EXERCISE AIM: For the data below, give again exactly the lines from the one containing "2021年以来,天心区深入推" through the one containing "从焦巍管理的银华富裕的行业配", both ends included, and no others.

STORED DATA:
________________________

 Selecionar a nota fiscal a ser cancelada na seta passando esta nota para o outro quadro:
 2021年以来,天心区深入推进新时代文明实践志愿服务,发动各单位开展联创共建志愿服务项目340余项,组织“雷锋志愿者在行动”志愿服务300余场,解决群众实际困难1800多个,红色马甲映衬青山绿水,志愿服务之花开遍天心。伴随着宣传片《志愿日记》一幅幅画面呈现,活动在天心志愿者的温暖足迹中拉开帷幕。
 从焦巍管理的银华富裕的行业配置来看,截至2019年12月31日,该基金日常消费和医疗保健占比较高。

________________________

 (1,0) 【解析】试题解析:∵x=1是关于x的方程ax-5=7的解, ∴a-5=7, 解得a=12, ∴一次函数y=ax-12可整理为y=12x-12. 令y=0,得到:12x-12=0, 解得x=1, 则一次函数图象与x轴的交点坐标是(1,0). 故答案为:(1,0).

________________________

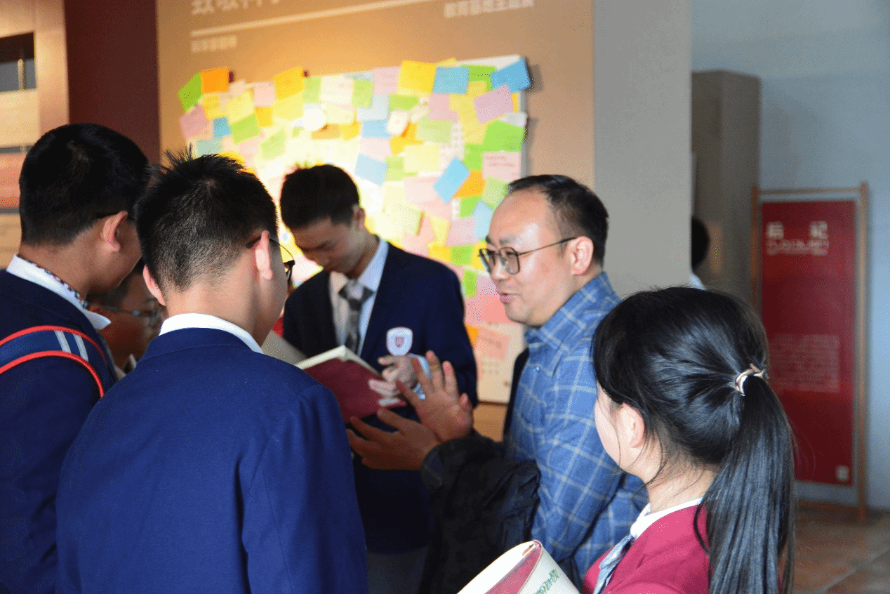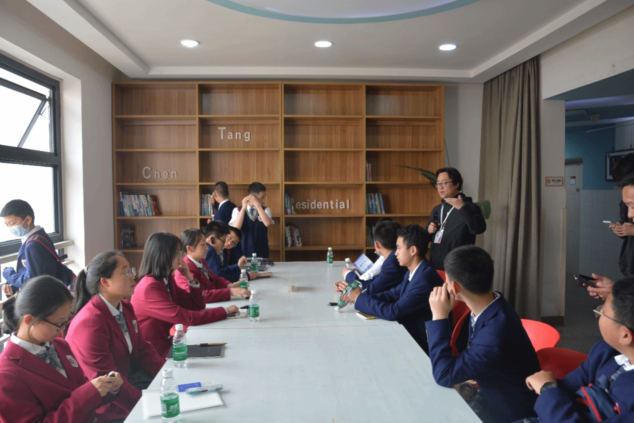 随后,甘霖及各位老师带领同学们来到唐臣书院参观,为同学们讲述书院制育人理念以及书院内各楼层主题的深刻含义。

________________________

RESPONSE:
 2021年以来,天心区深入推进新时代文明实践志愿服务,发动各单位开展联创共建志愿服务项目340余项,组织“雷锋志愿者在行动”志愿服务300余场,解决群众实际困难1800多个,红色马甲映衬青山绿水,志愿服务之花开遍天心。伴随着宣传片《志愿日记》一幅幅画面呈现,活动在天心志愿者的温暖足迹中拉开帷幕。
 从焦巍管理的银华富裕的行业配置来看,截至2019年12月31日,该基金日常消费和医疗保健占比较高。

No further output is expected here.